By Seena Khoee | August 15, 2020

Ketones are Muscle Sparing

Keto is a great diet for building lean muscle. As long as your calorie needs are in the right place along with proper strength training it is the ideal diet to build quality muscle.

Ketones, the chemical your liver makes during ketosis promotes muscle growth.

There are 3 different types of ketone bodies produced during ketosis and the main beta-hydroxybutyrate, prevents the breakdown of muscle.

The 3 Different Energy System During Workouts

Creatine Phosphate System

The system which gives us energy from the start to the first 3-4 reps.

Anaerobic System 

Utilizes carbohydrates. The 5-15 rep range of the exercise.

Aerobic system

The endurance work.

On a ketogenic diet we have a lot of power in the Creatine Phosphate system which is the most important one in terms of ability to build muscle and strength.

Anabolism & Catabolism Metabolic States

Anabolism and Catabolism are 2 different metabolic states within our body. 

Catabolism is essentially the breakdown of energy & muscle. This occurs when eating food, exercising, fasting etc. 

Anabolism is essentially the rebuilding process. This occurs when we are resting, sleeping and recovering.
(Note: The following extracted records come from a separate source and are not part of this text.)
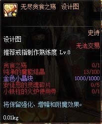 [贪食]系列装备升级[无尽贪食]系列装备所需的[纯净的魔能结晶]变更后为100,[金色小晶块]变更后为1000。
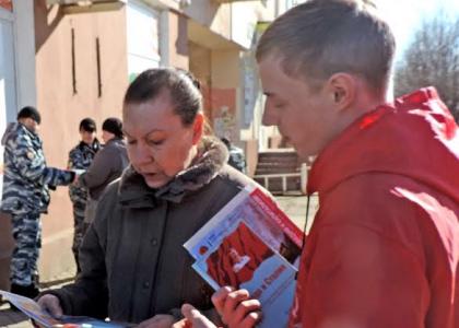 Участники пикета раздавали всем желающим гражданам спецвыпуск газеты «Правда», брошюру «Победа и Сталин», календари Ивановского обкома КПРФ, а также листовку «Защитим Знамя Победы».
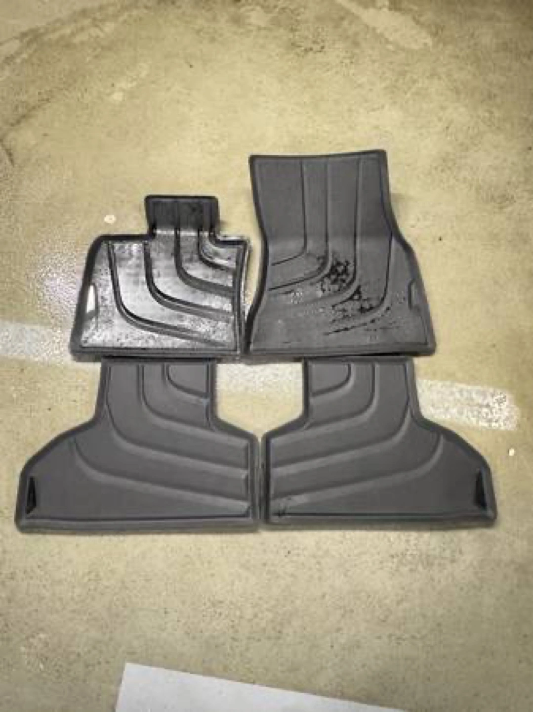 Only driver side piece shows usage. The passenger side and the rear two pieces are like new
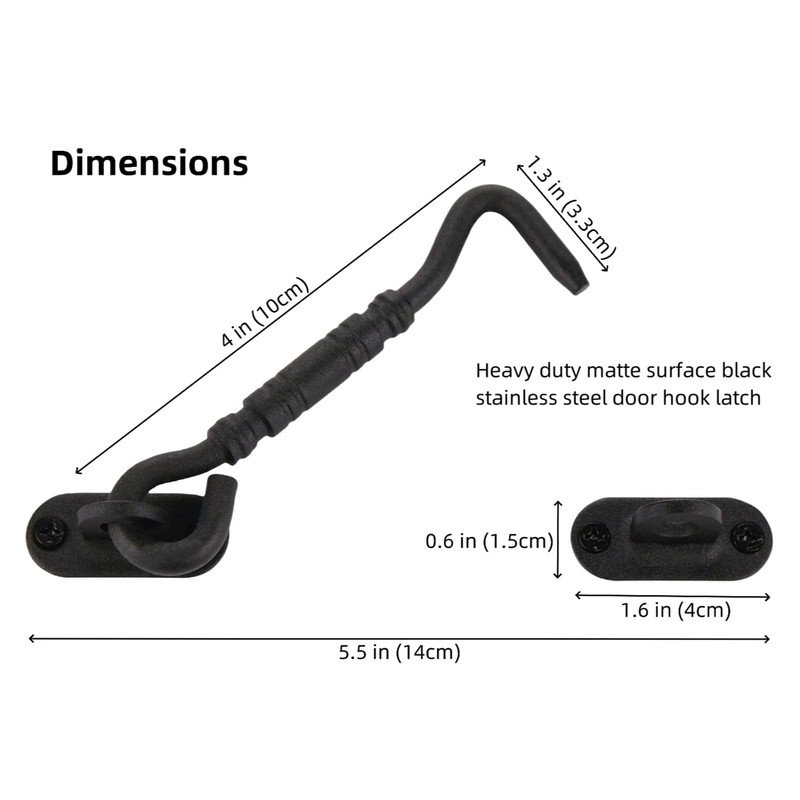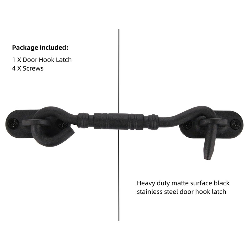 • 【Lengthening thickening device】【Best For Any Environment】- Upgrade Heavy Duty Barn Door Lock latch bolder Gate Latch Lock ,extra longer thicken Cabin Hooks,6 inches Solid black Privacy Hook and Eye Latch, Door lock hook has longer hook and matches more accurately with the eye open angle with the optimal curvature better than normal cabin hook to keep security and privacy to a greater extent.

Along with a proper catabolic gameplan, strength training routine, proper nutrition we also need a proper anabolic process.

Catabolic hormone

  1. Cortisol
  2. Adrenaline
  3. Glucogeno – Opposite of insulin

These are the hormones that break down our muscle tissue.

The purpose of Cortisol is to let us know when we are in danger. However if we are anxious, depressed, stressed and emotions similar to those for an extended period of time, then this hormone will break down muscle and possibly cause us to store fat.

Fun fact, exercise is a stresser, when we are working out our cortisol levels increase. The reason for this is cortisol’s goal is to elevate blood glucose, and transfer the glucose into the muscles to be able to do the activity at hand.

If we workout too much, then there is a possible cause of an adrenaline gland enlargement which will cause us to chronicle produce cortisol.

Remedies to Lower Cortisol

  1. Sleep
  2. Relax
  3. Meditate
  4. Hangout with friends
  5. Have fun
  6. Don’t overwhelm yourself with too many goals
  7. Take it was
  8. Have rest days.

Anabolic hormones

  1. Growth Hormone
  2. Insulin
  3. Testosterone

These are the hormones that allow the body to utilize protein & build muscle.

Anabolism plays a significant role in building strength and lean muscle mass. With quality 8 hours of sleep along with adequate amounts of calories and weight training, you will support your body with high levels of anabolic hormones and low levels of catabolic hormones which will promote muscle growth, develop strength and improve overall well being.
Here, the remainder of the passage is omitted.